January 09, 2013
http://d.puremagic.com/issues/show_bug.cgi?id=9238


Andrei Alexandrescu <andrei@erdani.com> changed:

           What    |Removed                     |Added
----------------------------------------------------------------------------
                 CC|                            |andrei@erdani.com


--- Comment #10 from Andrei Alexandrescu <andrei@erdani.com> 2013-01-09 15:03:08 PST ---
Desiderata
==========

Design choices may sometimes invalidate important use cases, so let's start with what we'd like to have:

1. Safety

We'd like most or all uses of ref to be safe. If not all are safe, we should have easy means to distinguish safe from unsafe cases statically. If that's not possible, we should be able to enforce safety with simple runtime checks in @safe code.

2. Efficient passing of values

The canonical use case of ref parameters is to allow the callee to modify a value in the caller. However, a significant secondary use case is as an optimization for passing arguments into a function. In such cases, the caller is not concerned with mutation and may actually want to prevent it. The remaining problem is that ref traditionally assumes the caller holds an actual lvalue, whereas in such cases the caller may want to pass an rvalue.

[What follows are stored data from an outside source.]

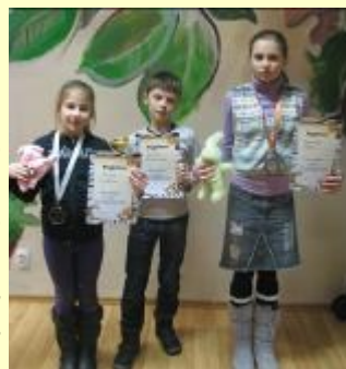
Stiprākie bērnu grupā

Uz turnīru ieradās 23 cilvēki, kas bija negaidīti daudz. Visi dalībnieki dalījās 3 grupās – bērni, jaunieši un pieaugušie. Bērnu, protams, bija visvairāk – 11, kuru vidū bija arī 4 bērni no Maltas. Bērnu konkurencē 1.vietu un
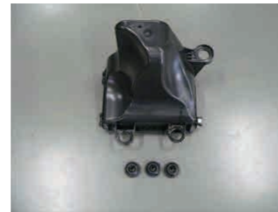
7. エアークリーナーケースからゴムブッシュを3か所取外します。
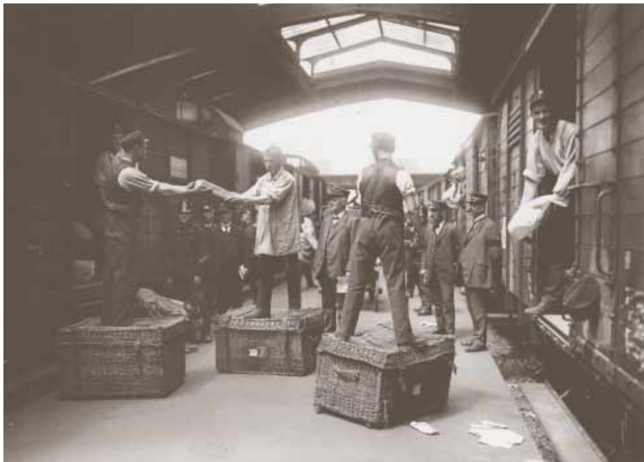
Soldaten im Bahnhof Basel, zwischen 1914 und 1918.

Die Eisenbahn als Transportmittel, das Verkehr und Handel revolutioniert hat, die Eisenbahn als Verbindung zwischen Orten und Menschen im Alltag und in den Ferien, die Eisenbahn als Arbeitsort, der die Ethik einer
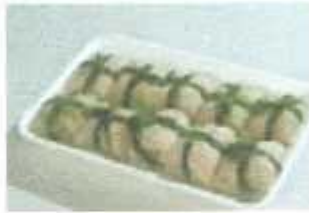
Shrimp Paste Covered With Cabbage
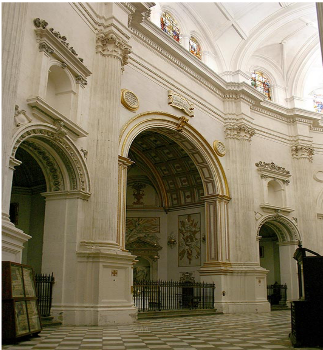
Fig. 7. Girola de la catedral de Granada desde el interior.
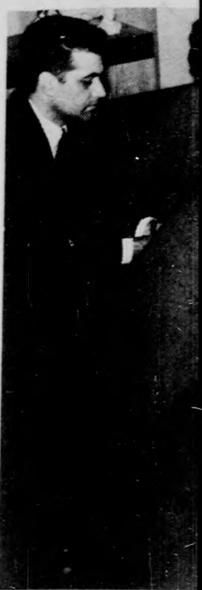
Aláírás előtt r
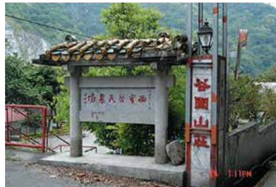
西寶分場谷園山莊之「西寶榮民農場」名銜，係民國48年由黨國大老書法名家于右任所書墨寶。
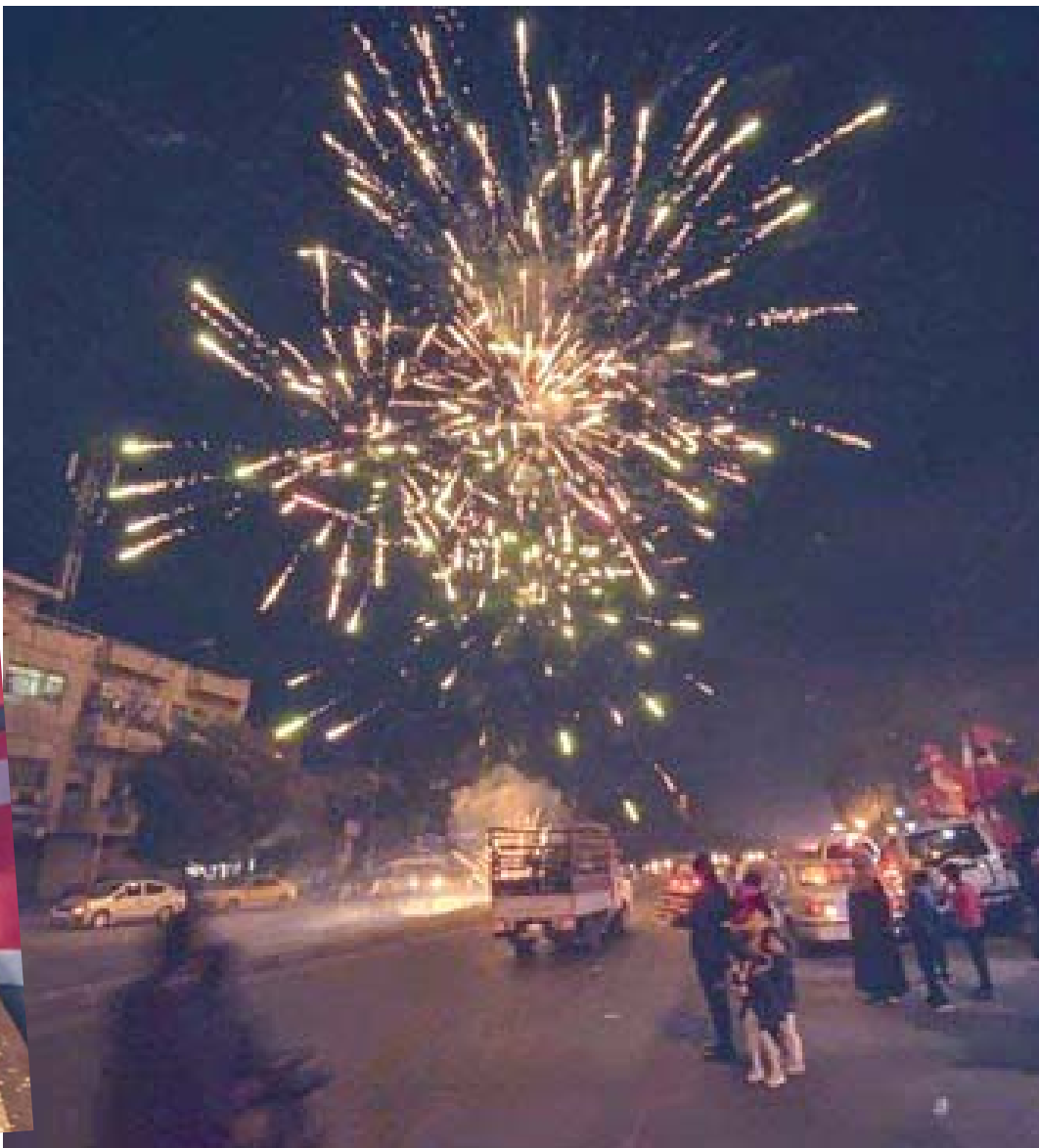
بغداد - الزمن

شهدت ساحة التحرير وشوارع بغداد مساء الخميس احتفال المواطنين بقدوم عام وتوديع عام، بولهم أمل ان يكون 2021 افضل من سابقه وان يتم القضاء على جائحة كورونا، واستمر اطلاق المواطنين للالعاب النارية حتى الساعات الاولى من فجر امس الجمعة.
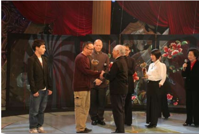
第三届比赛颁奖电视节目录制现场
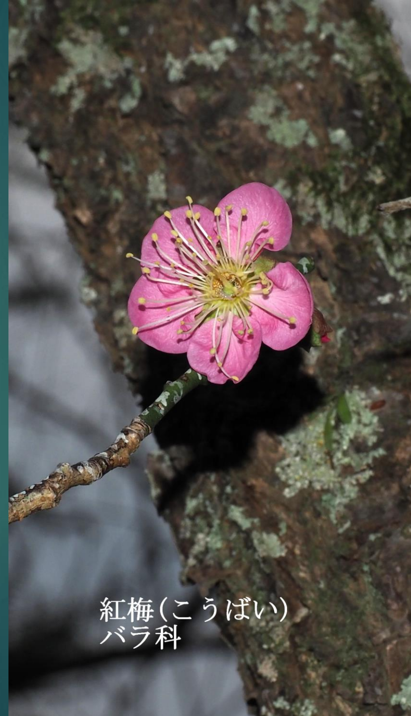
紅梅(こうばい) バラ科
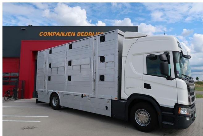
Scania G450 G450
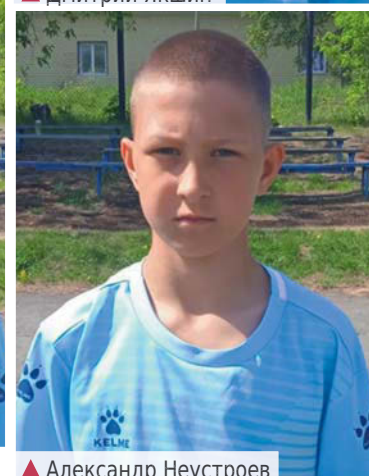
▲ Александр Неустроев
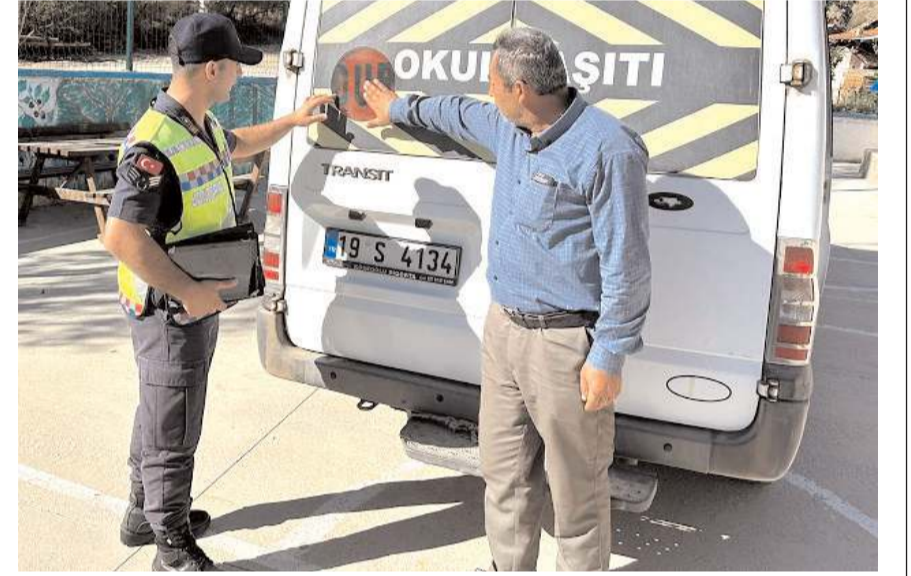
Jandarma ekipleri servisleri denetledi.
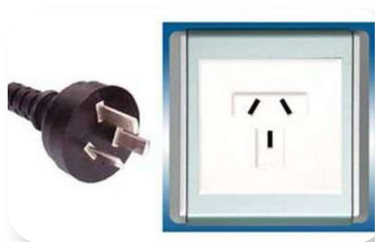
Tipo de enchufe más común en Argentina

En Argentina el voltaje común es 220 V. La frecuencia es 50 Hz.
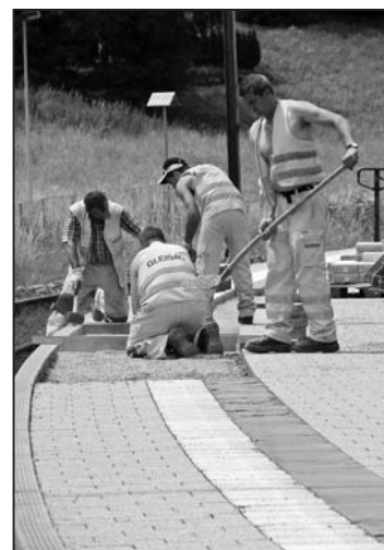
Männer vom Bau sympathisch und schlau.
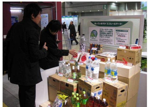
エコルールマーク認定商品
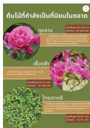
ภาพที่ 7 ต้นไม้ที่กำลังเป็นที่นิยมในตลาด
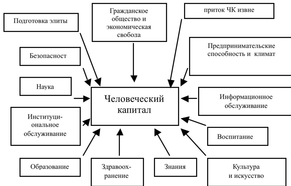
Рис. 1.2. Источники формирования национального человеческого капитала в широком определении
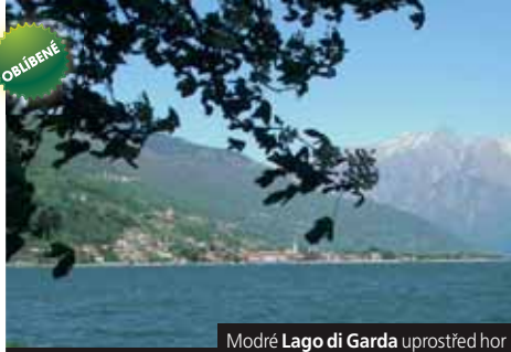
Modré Lago di Garda uprostřed hor
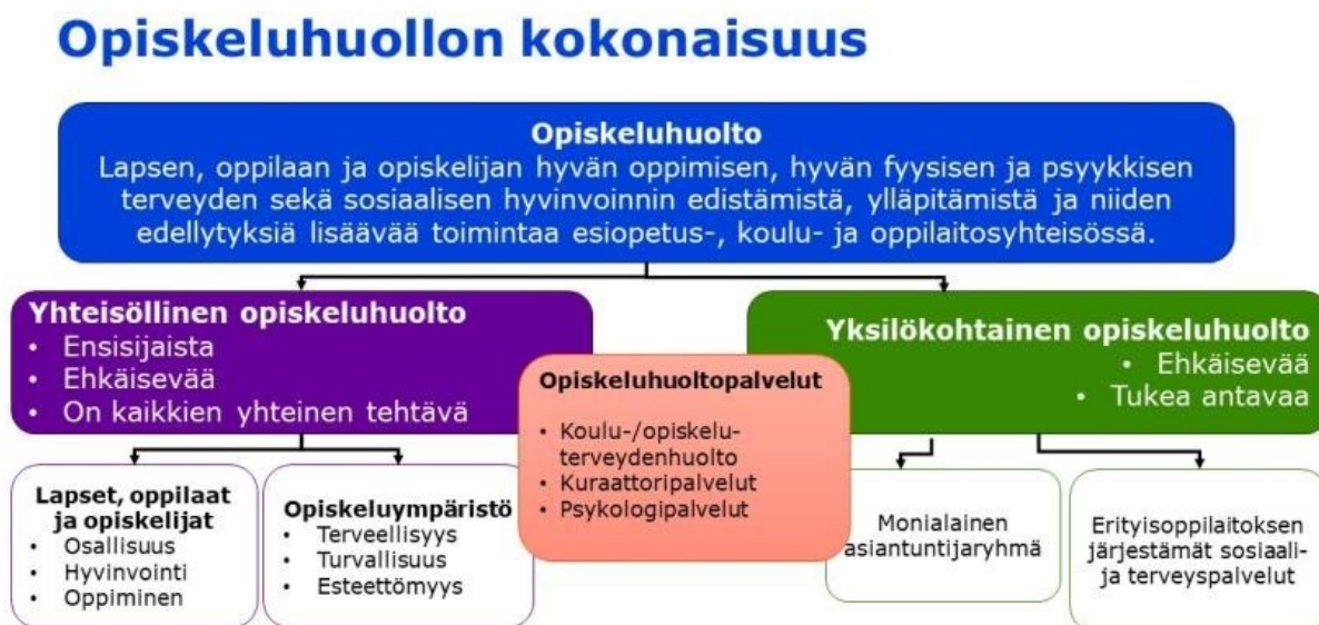
KUVIO1. Opiskeluhoiton kokonaisuus (OPH 2025).

Opiskeluhoito jaetaan yhteisölliseen sekä yksilökohtaiseen opiskeluhoitoon. Yläkäsitteenä toimii opiskeluhoito ja alakäsitteinä yhteisöllinen ja yksilökohtainen opiskeluhoito. Opetushallitus (OPH 2025) on tehnyt opiskeluhoitosta kaavion (KUVIO 1), joka kuvaa opiskeluhoiton kokonaisuutta:

3. Transparently returning references to ref parameters

One important use case is functions that return one of their reference parameters, the simplest being:

ref T identity(T)(ref T obj) { return obj; }

We'd like to allow identity and to make it safe by design. If we don't, we
disallow a family of use cases such as min() and max() that return by
reference, call chaining idioms etc.

4. Sealed containers

This important use case is motivated by efficient and safe allocators. We want to support scoped and region-based allocation, and at the same time we want to combine such allocators with containers that return references to their data.

Consider as a simple example a scoped container:

struct ScopedContainer(T)
{
    private T[] payload;
    this(size_t n) { payload = new T[n]; }
    this(this) { payload = payload.dup; }
    ~this() { delete payload; }
    void opAssign(ref ScopedContainer rhs) {
      payload = rhs.payload.dup;
    }
    ref T opIndex(size_t n) { return payload[n]; }
}

The container eagerly allocates its state and deallocates it when it leaves scope. We'd like to allow opIndex to typecheck and guarantee safety.

5. Simplicity

We wish to get the design right with maximum economy in language design. One thing easily forgotten when focusing minutia while carrying significant context in mind is that whatever language additions we make come on top of an already large machinery.

There have been ideas based on defining "scope ref", "in ref", or "@attribute ref". We'd like to avoid such and instead make sure plain "ref" is useful, safe, and easy to understand.

------------

These desiderata and the interactions among them impose constraints on the design space. In the following post I'll sketch some possible designs dictated by prioritizing desiderata, and analyze the emerging tradeoffs.

-- 
Configure issuemail: http://d.puremagic.com/issues/userprefs.cgi?tab=email
------- You are receiving this mail because: -------
January 09, 2013
http://d.puremagic.com/issues/show_bug.cgi?id=9238



--- Comment #11 from Jonathan M Davis <jmdavisProg@gmx.com> 2013-01-09 15:11:59 PST ---
> There have been ideas based on defining "scope ref", "in ref", or "@attribute ref". We'd like to avoid such and instead make sure plain "ref" is useful, safe, and easy to understand.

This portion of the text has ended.